== Exercise instructions ==
The whole listing should be retyped word for word, apart from the pictures it holds.

== Given information ==
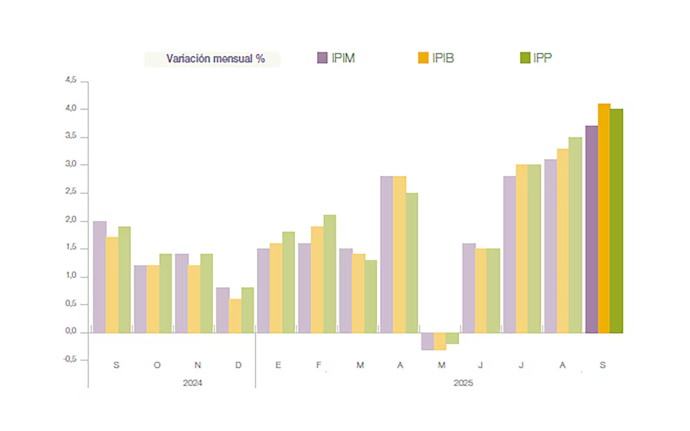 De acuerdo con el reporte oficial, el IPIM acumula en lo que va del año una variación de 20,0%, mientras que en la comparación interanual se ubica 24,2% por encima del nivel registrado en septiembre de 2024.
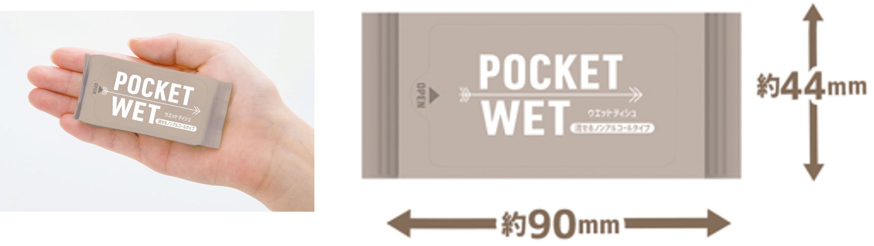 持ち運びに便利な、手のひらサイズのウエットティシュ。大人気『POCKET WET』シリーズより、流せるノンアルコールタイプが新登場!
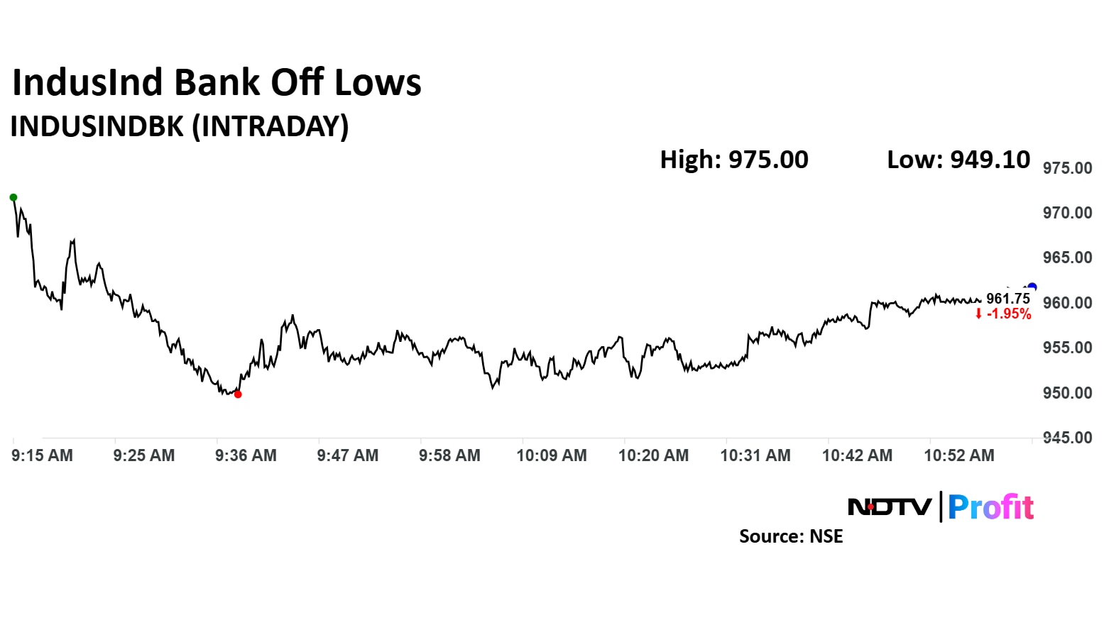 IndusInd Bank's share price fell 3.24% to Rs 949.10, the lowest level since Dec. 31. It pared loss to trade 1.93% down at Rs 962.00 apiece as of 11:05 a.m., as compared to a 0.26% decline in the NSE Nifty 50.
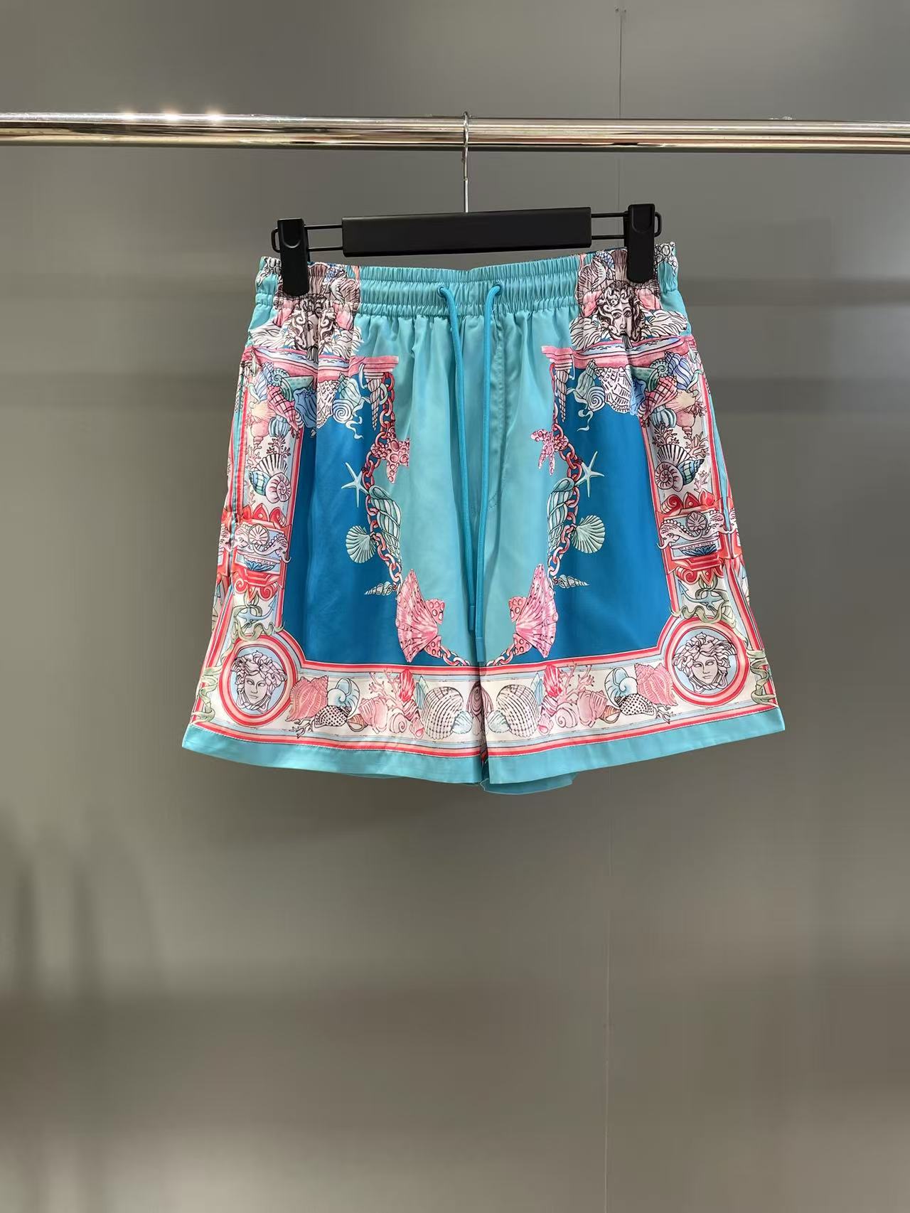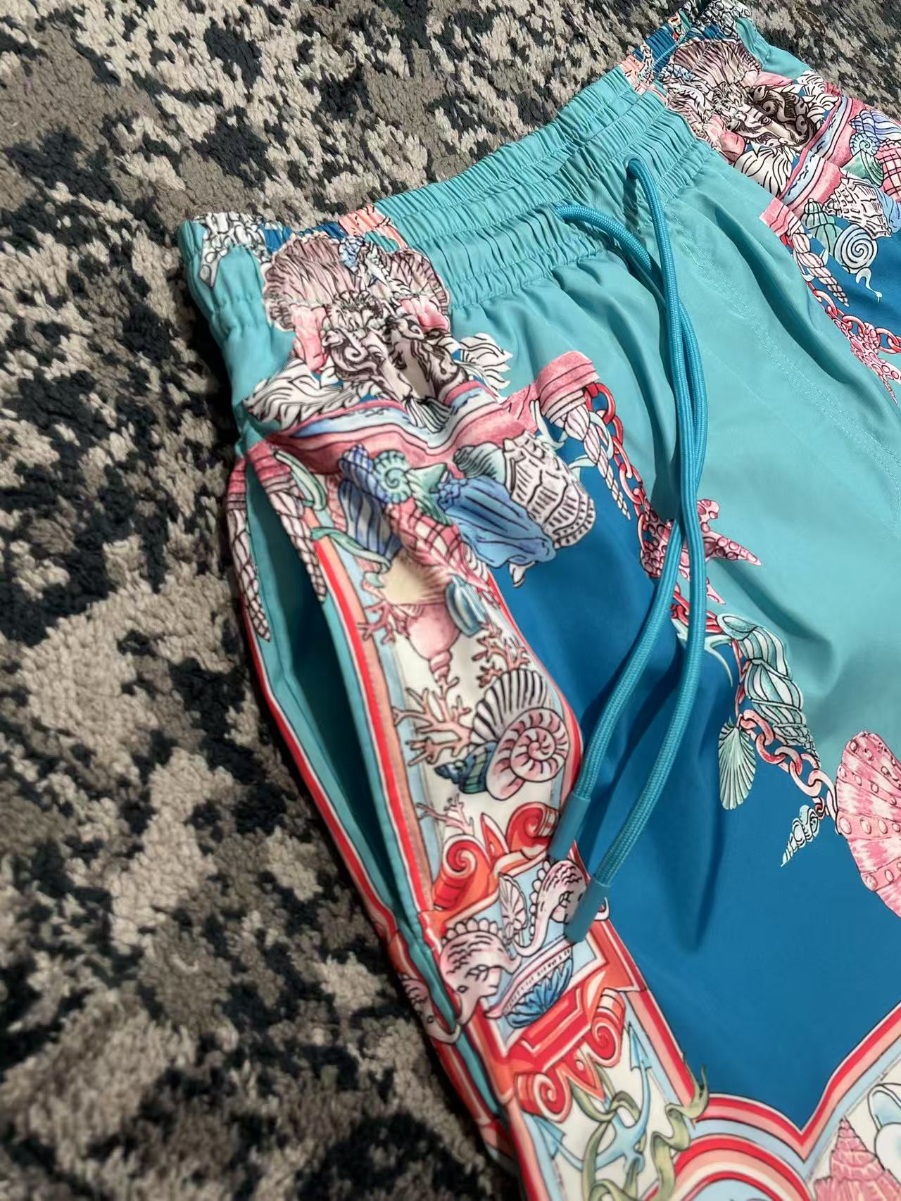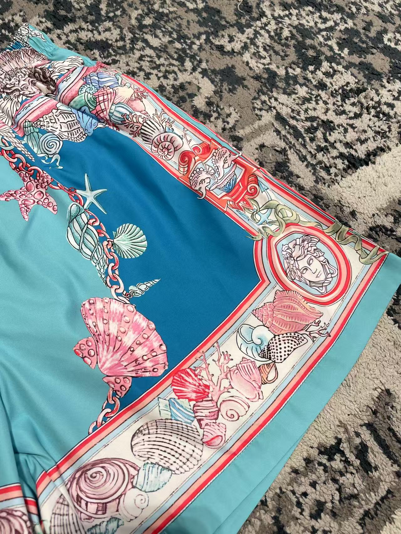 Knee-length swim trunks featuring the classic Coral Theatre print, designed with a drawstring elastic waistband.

== Task response ==
 De acuerdo con el reporte oficial, el IPIM acumula en lo que va del año una variación de 20,0%, mientras que en la comparación interanual se ubica 24,2% por encima del nivel registrado en septiembre de 2024.
 持ち運びに便利な、手のひらサイズのウエットティシュ。大人気『POCKET WET』シリーズより、流せるノンアルコールタイプが新登場!
 IndusInd Bank's share price fell 3.24% to Rs 949.10, the lowest level since Dec. 31. It pared loss to trade 1.93% down at Rs 962.00 apiece as of 11:05 a.m., as compared to a 0.26% decline in the NSE Nifty 50.
 Knee-length swim trunks featuring the classic Coral Theatre print, designed with a drawstring elastic waistband.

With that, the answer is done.